According to their scientific research, the compressive strength of the magnetic field of τ b Boes is about 5-11 Gaussian function. In comparison, the compressive strength of Jupiter's magnetic field, the strongest magnetic field of the solar system planets, is in the middle of the 4-13 Gaussian function. Then, everyone has reason to believe that τ Boes and Jupiter have the same internal structure that can cause a strong magnetic field, that is, a very large core composed of plated hydrogen, whose temperature and working pressure are terrifying. s level.

Such scientific research is more meaningful, as Turner often said: "The magnetic field of an terrestrial exoplanet can protect the planet's Earth's atmosphere from the solar wind and cosmic rays, and also avoid the outflow of the planet's Earth's atmosphere, which can improve its suitability. probability of survival."

For many years now, scientists have understood the key practical significance of magnetic fields in maintaining the beauty of planetary environments, and there is no way to detect whether exoplanets have magnetic fields alone.
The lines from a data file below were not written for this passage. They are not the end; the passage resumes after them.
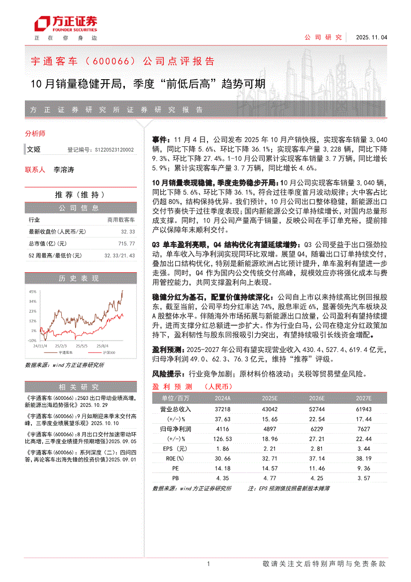 宇通客车:方正证券-宇通客车-600066-公司点评报告:10月销量稳健开局,季度“前低后高”趋势可期-251104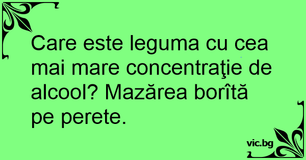 Care este leguma cu cea mai mare concentraţie de alcool? Mazărea borîtă pe perete.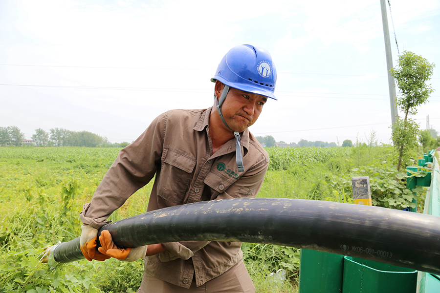 施工人员在高温下奋力敷设高压电缆.刘喆摄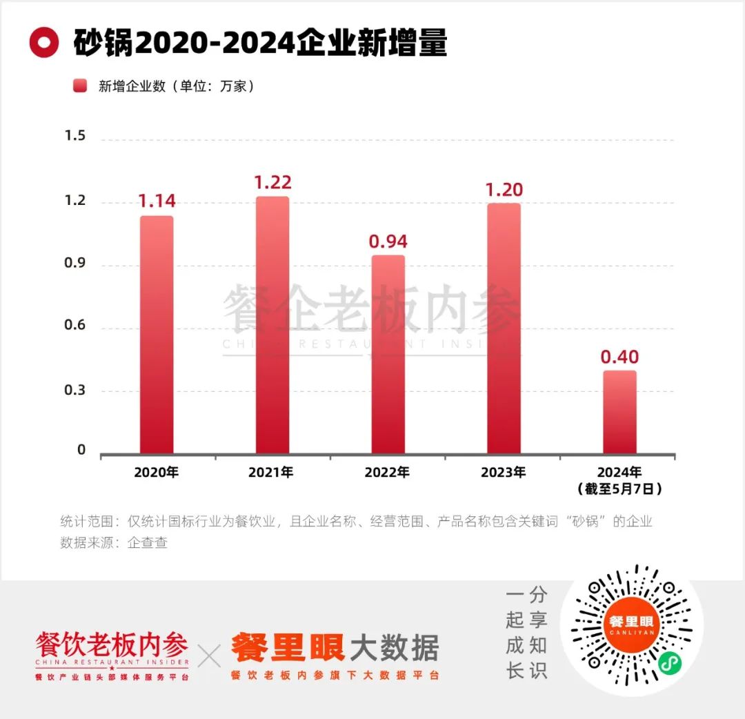 無論是從2020年開始,按照年度新增量進(jìn)行分析;還是從2023年1月開始,盤點(diǎn)過去十幾個(gè)月的砂鍋新增門店數(shù),砂鍋新增企業(yè)量都是那么不溫不火。在企業(yè)新增數(shù)據(jù)層面分析,難以看到“翻紅”的例證。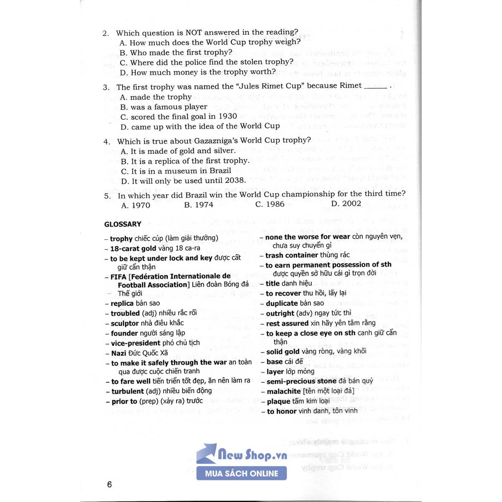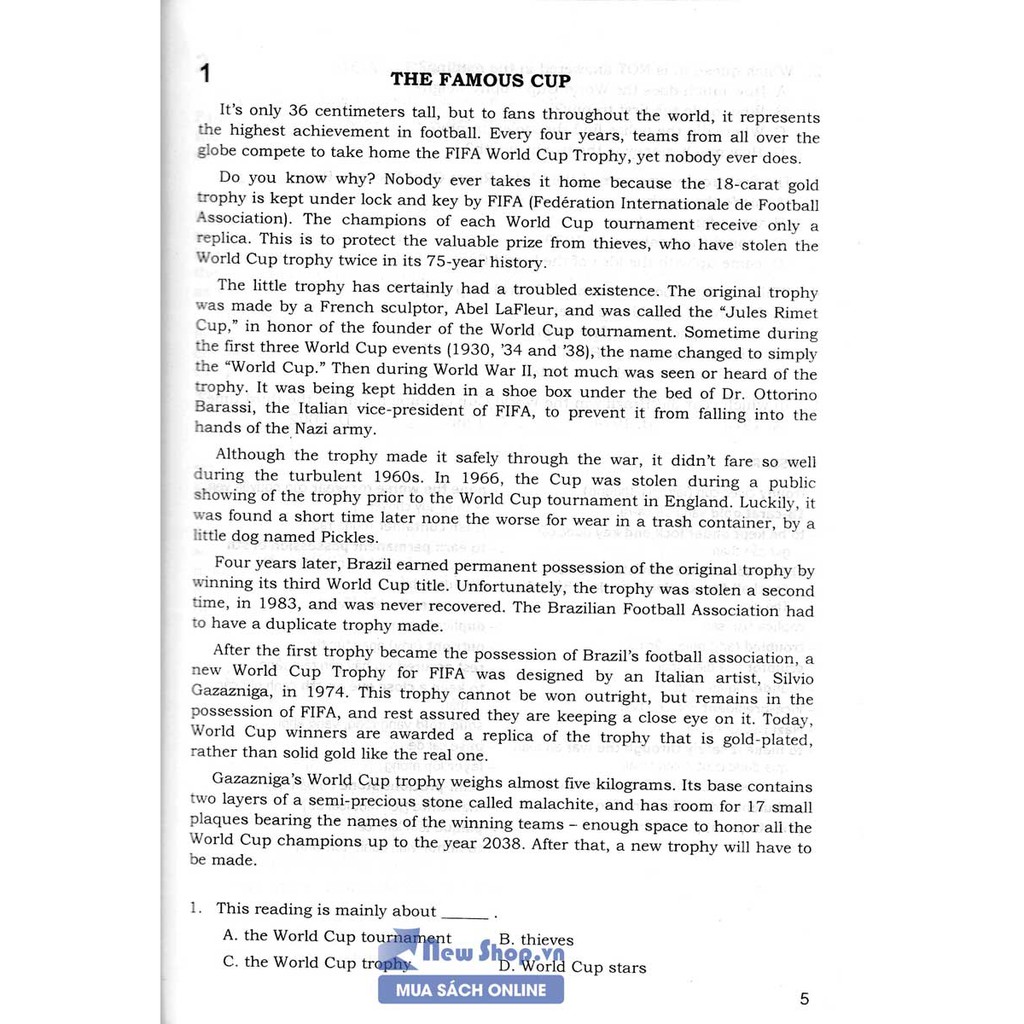 Câu Hỏi Trắc Nghiệm Chuyên Đề Kỹ Năng Đọc Hiểu Tiếng Anh Câu hỏi trắc nghiệm dưới mỗi bài đọc thường gồm các loại sau : 1. Câu hỏi về ý chính : Yêu cầu người đọc phải tóm tắt được chủ đề cơ bản hoặc mục đích của tác giả ,với các dạng mở đầu . Để chọn được câu trả lời đúng,học sinh nên : (1) Lưu ý đến câu chủ điểm (thường nằm ở đầu mỗi đoạn văn) (2) Lưu ý giọng văn của tác giả. (3) Đọc lướt qua toàn bài ,đặc biệt là câu chủ điểm ,để tìm những từ ngữ mấu chốt có thể biểu thị thái độ của tác giả đối với đề tài . (4) Đọc kĩ bài để chọn câu trả lời đúng.Lưu ý rằng chỉ câu chủ điểm không thôi chưa đủ thông tin để xác định ý chính của bài. Ý chính chỉ có thể được khái quát hóa sau khi đọc kỹ toàn bài và theo dõi thái độ của tác giả. 2.Câu hỏi về sự kiện.Loại câu hỏi này yêu cầu học sinh phải trả lời bằng các thông tin cụ thể về bài văn. Câu hỏi về sự kiện có dạng là một câu bỏ lửng và bên dưới là 4 chọn lựa ,trong đó chỉ có một chọn lựa hoàn thành câu bỏ lửng và bên dưới là 4 chọn lựa ,trong đó chỉ có một chọn lựa hoàn thành câu bỏ lửng đúng ý bài văn. Để chọn đúng câu trả lời cho lại câu hỏi này ,học sinh cần : (1) Xác định từ/cụm từ mấu chốt trong câu hỏi. (2) Lướt qua bài văn để tìm được vị trí của từ/cụm từ mấu chốt trong bài văn,đọc kĩ phần bài văn có chứa cụm từ này để chọn câu trả lời. 3. Các câu hỏi và sự kiện phủ định: Đưa ra 3 phát biểu đúng và một phát biểu sai.Học sinh phải loại trừ được 3 phát biểu đúng, phát biểu sai còn lại là câu trả lời . Để trả lời các câu hỏi sự kiện phủ định ,học sinh phải : (1) Đọc kĩ các chọn lựa để xác định vị trí của thông tin trong bài văn. (2) Đọc lướt qua bài văn để loại trừ 3 chọn lựa có thông tin khớp với thông tin trong văn bản (3) Chọn lựa còn sót lại chính là câu trả lời đúng. 4. Câu hỏi suy luận : Thông tin để trả lời loại câu hỏi này đôi khi không được phát biểu rõ ràng trong bài văn.Học sinh phải suy luận căn cứ trên những thông tin khác,hoặc phải “đọc giữa hai hàng chữ ” mới thấy ý ẩn tàng của tác giả. 5. Câu hỏi về ngữ pháp : Loại câu hỏi này trắc nghiệm vốn từ vựng của học sinh.Học sinh phải chọn trong 4 từ cho sẵn một từ đồng nghĩa với các từ dùng trong bài văn. ————————————————————- Tác Giả: Vĩnh Bá Số Trang: 328 Năm Xuất Bản: 2020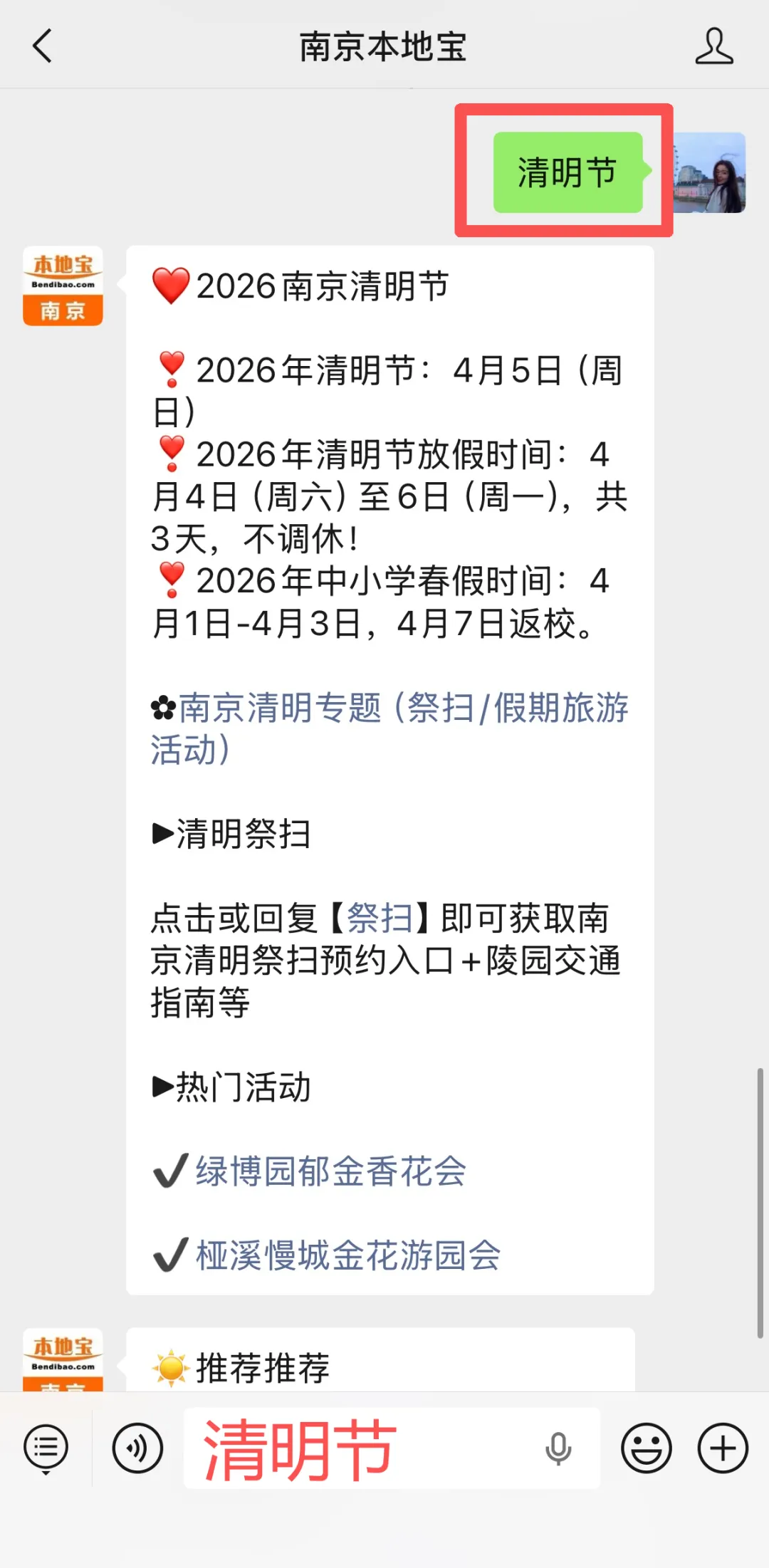 ➤小编提醒:扫描下方二维码,关注【南京本地宝】,后台对话框回复【清明节】即可获取南京清明节活动攻略、景区游玩指南等。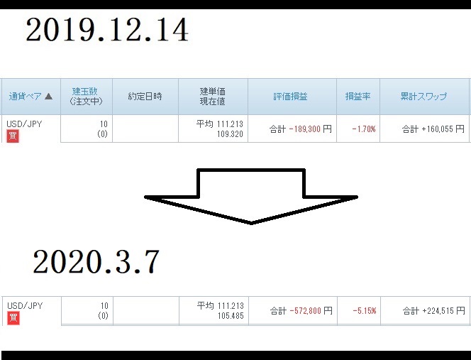 この3か月でスワップ金利は16万から約22万へと変化しています。引き算すると、3ヶ月間で64460円ほどたまっていることになりますね。1年だと単純計算で25万円たまる予定です。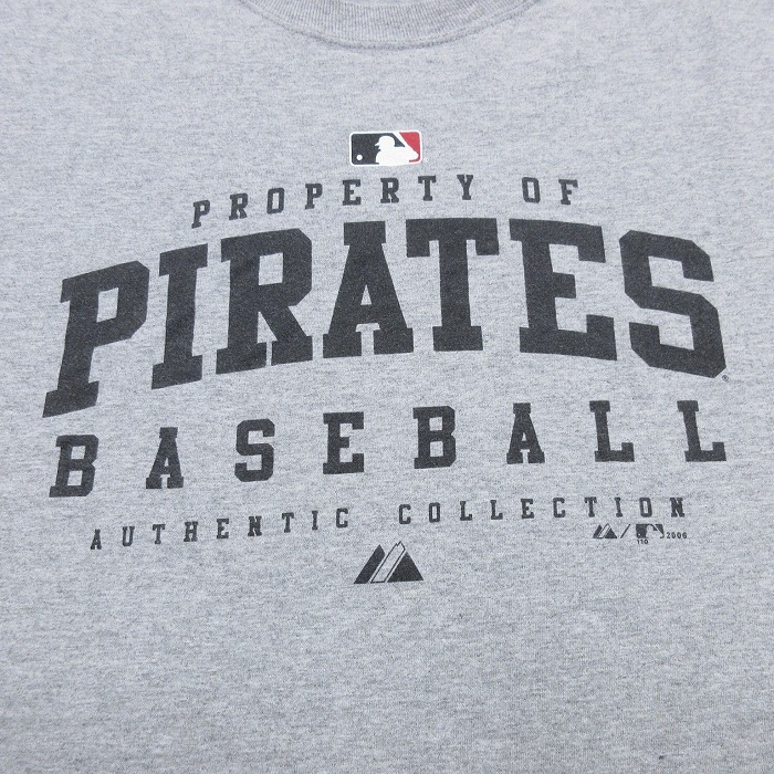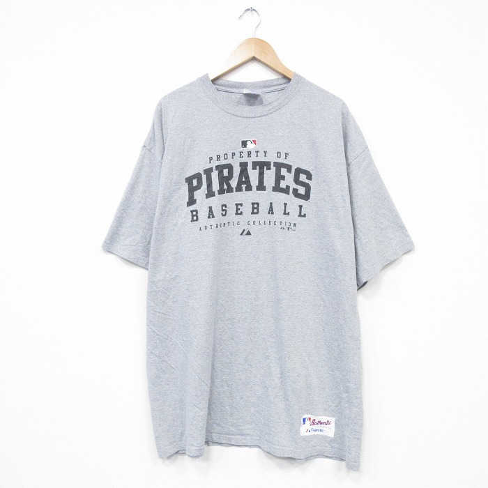 【商品名】 XL★古着 マジェスティック 半袖 ビンテージ Tシャツ メンズ 00年代 00s MLB ピッツバーグパイレーツ 大きいサイズ ロング丈 クルーネック グレー 霜降り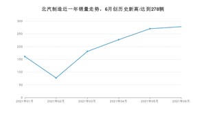 在国内市场上,北汽制造在2021年6月的销量为278辆,同比增长6.51%,环比增长2.96%。1-6月份,北汽制造累计销量为1194辆,较去年同期增长6.61%。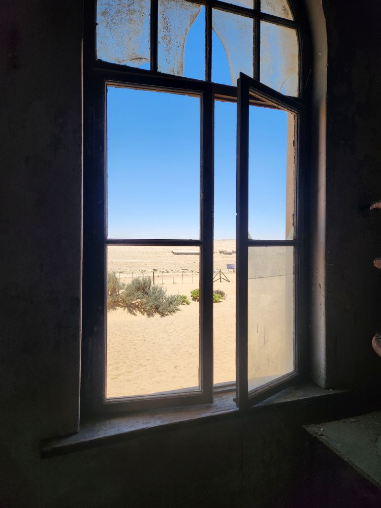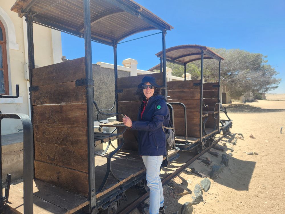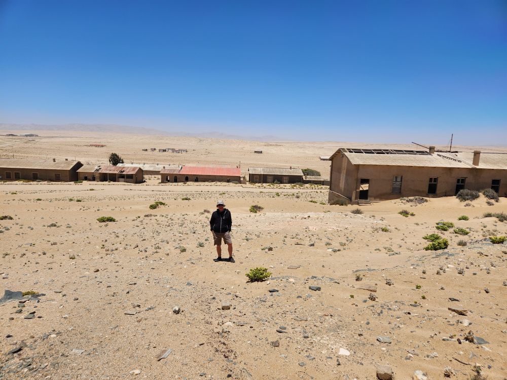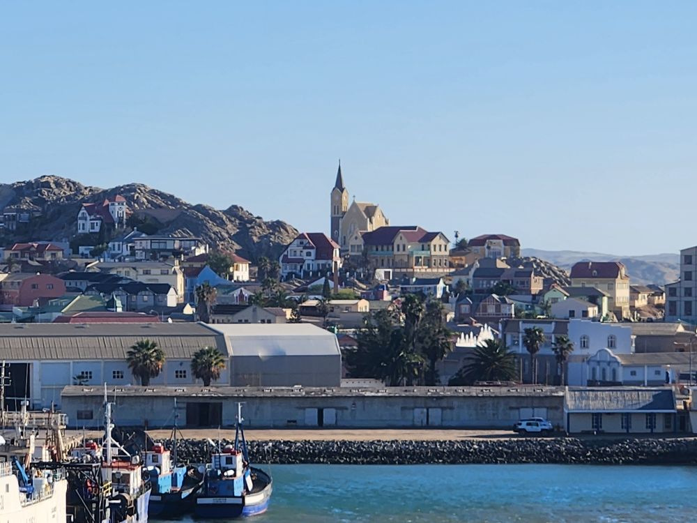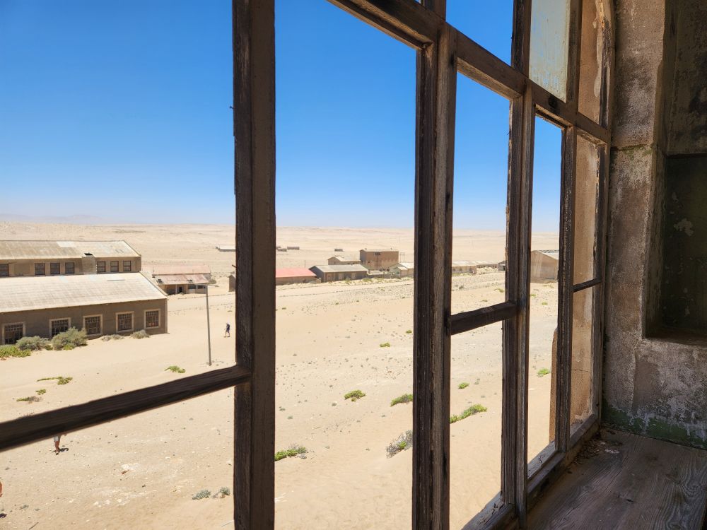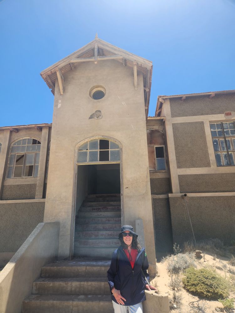 Today, yet another ship’s tour – but it is the easiest way to get to Kolmanskop ghost town that we can find. That is really the biggest thing to see here – there is another tour to see the wild horses, but hey, we’ve seen those in Corolla over the years – and we want to see the abandoned mining town. The only annoying thing is that the tour was originally scheduled for 3:30 and it has been changed to 12 noon – which messes up our original plan to do our own walking tour of the town, eat at the Portuguese Fisherman restaurant, then come back for the tour. So we pivot – normal morning routine, then we grab cold cuts and rolls from the breakfast buffet to have a quick picnic lunch on the balcony before we leave on our tour. Works!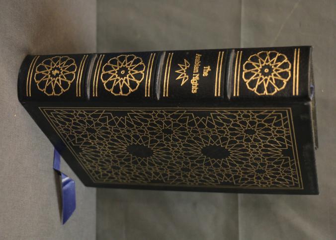 The Arabian Nights Entertainments Leather-Bound Easton Press Edition. Translated by Sir Richard Burton with notes by Henry Torrens, Edward Lane, and John Payne and illustrations by Arthur Szyk. This collector's edition is bound in genuine leather with intricate gold-tone embossed designs on the cover and spine. Includes gold leaf page edges and a satin bookmark ribbon. Copyright 1981 by The Easton Press.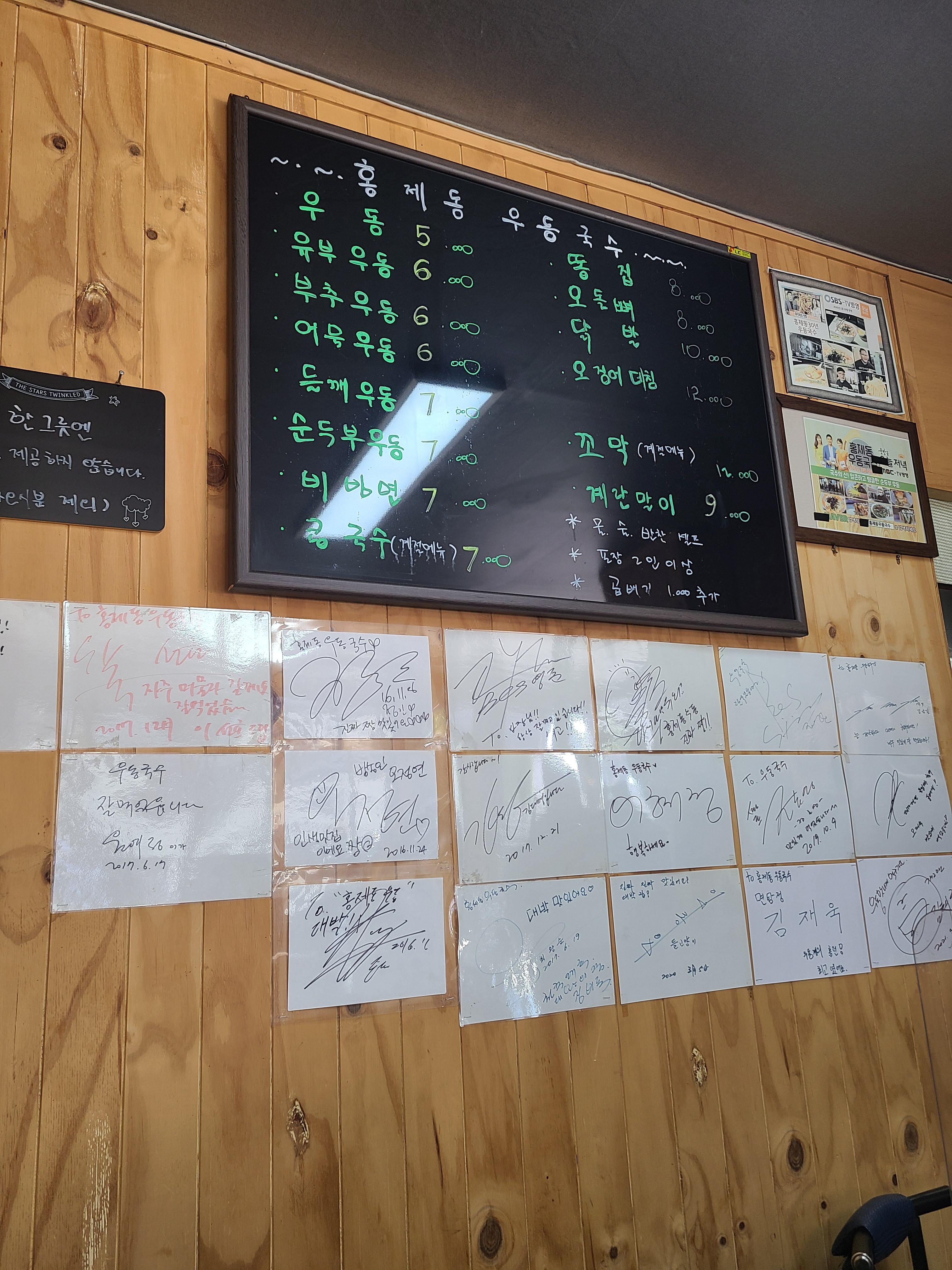 메뉴판 아래로 방문자들의 싸인이 많이 붙어 있습니다.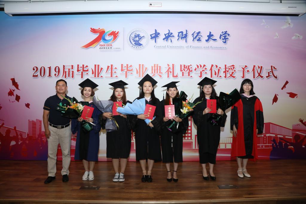随后,校友代表、2008级本科生、北京中财龙马资本投资有限公司投资总监、研究员的商升送上真心祝福与鼓励之后,毕业典礼进入表彰环节。由刘峰老师宣读名单,王珊珊老师为市校两级优秀毕业生颁发荣誉证书。由李名义宣读名单,李丽老师为受聘校友大使的毕业生颁发了聘书,为自主创业的毕业生颁发荣誉证书。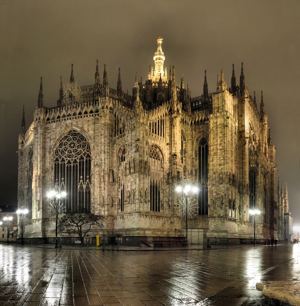 Большинство памятников архитектуры Милана сосредоточено вокруг старой площади Дуомо, находящейся в самом центре древнего города. Главным украшением площади является величественный собор, построенный в готическом стиле в XV-XVI веках. Этот шедевр сакрального зодчества принято называть Миланским собором, он является самым большим готическим храмов в мире, и занимает второе место по величине среди всех христианских храмов мира. Поражает не только необычная архитектура собора, но и его алтарь и витражи, здесь хранится и важная христианская реликвия – один из деревянных гвоздей, которым был прибит к кресту Иисус Христос во время распятия. На площади Дуомо находится Южный Дворец и Северный Дворец, построенные в ХХ столетии малые дворцы, роскошный Королевский дворец, храм Сан-Готтардо с высокой колокольней, сложенной из красного кирпича. На площади Дуомо находится и галерея, посвященная Витторио Эммануэлю и памятник ему перед входом в галерею. Во дворце Реале расположилось два музея – музей Миланского собора и музей Современного искусства.

If the method of Turner et al. turns out to be reliable, it will be a huge improvement for everyone to find super-Earths in space.

Turner also emphasized: At this stage, the wireless communication data signals that they can detect are still very weak. In order to certify this method or use this method for scientific research in the future, they must rely on other low-frequency telescopes, which can help They look for the real source of this wireless communication data signal. Everyone expects that this is indeed the result of the harm caused by the exoplanet's magnetic field to the planetary wind, but it is not clear that it is very likely to be a planetary flare.

I firmly believe that scientists will certify this method as soon as possible, and once it is proven to be reasonable, there can be no doubt that we are one step closer to finding a second Earth.